Bonjour Éva Luna,
Bonjour à tous,
C est une très bonne idée de continuer ce dialogue sur ce fil de discussion.
La vie sans ma fille, c est bien ce dont il s agit. Comment vivre sans elle, sans Elle, sans elles.
Les similitudes sont nombreuses. Mon " Elle", s appelle Hélène.
En langage SMS: LN.
Comment vivre sans L?
C est tellement difficile, insurmontable. Mais toute cette douleur, cet Everest à attaquer le matin pour accepter que les secondes passent sans elle, cette absence qui dure, vous en avez si bien parlé.
C est une aide bien précieuse, ces mots déjà déposés afin de mettre un nom sur cet ennemi, qui nous blessé et nous empêcherait presque de ne plus aimer, de ne plus penser, de ne plus y penser.
Début août, cela fera tout juste deux ans.
Mais pour moi, le temps s est arrêté.
Je suis restée en 2020. Tout comme le calendrier de la cuisine dont je ne peux tourner les pages.

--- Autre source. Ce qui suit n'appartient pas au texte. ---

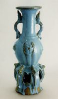 圖片名稱: 鈞窯天藍(lán)釉帖花獸面紋螭耳連座瓶
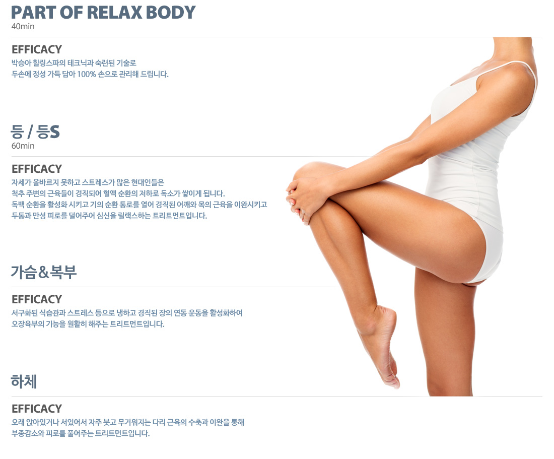 근육의 이완과 순환으로 심신의 안정과 피로를 회복하는 진정한 힐링의 시간을 만끽하세요

Et puisque la vie me déplaît maintenant, j ai décidé d essayer de faire semblant de croire.
Certains croient bien en qqs saints, ou qqs dieux.
Ces croyances entretenues par les rituels et une communauté.
J ai décidé de faire comme eux, d entretenir le le mensonge et de croire en elle.
Je lui ai créé un petit jardin, avec qqs photos d elle et les plantes offertes lors de la cérémonie. Il est très beau et je m y sens bien. Il y a une chaise , une table, et une photo d elle assise à la terrasse d un resto. De quoi trinquer ensemble.
Je lui écris et vais déposer mon courrier sur sa tombe.
Quand son absence est trop longue, je me force à me persuader qu elle est chez tel ami, dans telle ville, qu elle sera là demain, au détour du chemin. Et je repousse tjs plus loin le moment des retrouvailles.
Je ne chemine pas, sur le chemin du deuil. Je reste au même endroit, tourne sur moi même à 360 degrés, en récoltant tout ce que je peux d L. Et, je le resème pour que cette récolte se déploie à son tour. J' écris autour d un film qu elle a vu, ou qu elle voulait voir. Je le partage dans un blog, ou même, sur sa tombe. Je sais que certains passent devant et lisent . Ainsi, ses idées , ses envies, ses goûts, perdurent. De mon point fixe, ancrée en août 2020, je tente de diffuser tout autour de moi son univers.
De tout temps l homme a créé des univers fictifs à la gloire de leurs héros ou de leurs dieux.
Je tente de créer un univers fictif autour de ma fille.
Mon aînée m a offert un médaillon que je porte au poignet, avec une photo d L . Lorsqu un moment est émouvant, je l ouvre et murmure: regarde, c est pour toi.
Je me force à croire qu elle est là, que les efforts pour créer cet univers fictif seront payants. Vais je finir par y croire durablement, par me convaincre moi même.?
La vie sans ma fille, c est vivre au jour le jour, entre deux mondes: un réel, et un fictif, que j entretiens de mon mieux. Comme je m occupais d elle de son vivant, je continue de m occuper d elle, malgré sa disparition.
Pourvu que cette démarche me permette de tenir. Car, L a un frère et une sœur qui, eux aussi, sont dans la douleur. Il me faut rester droite.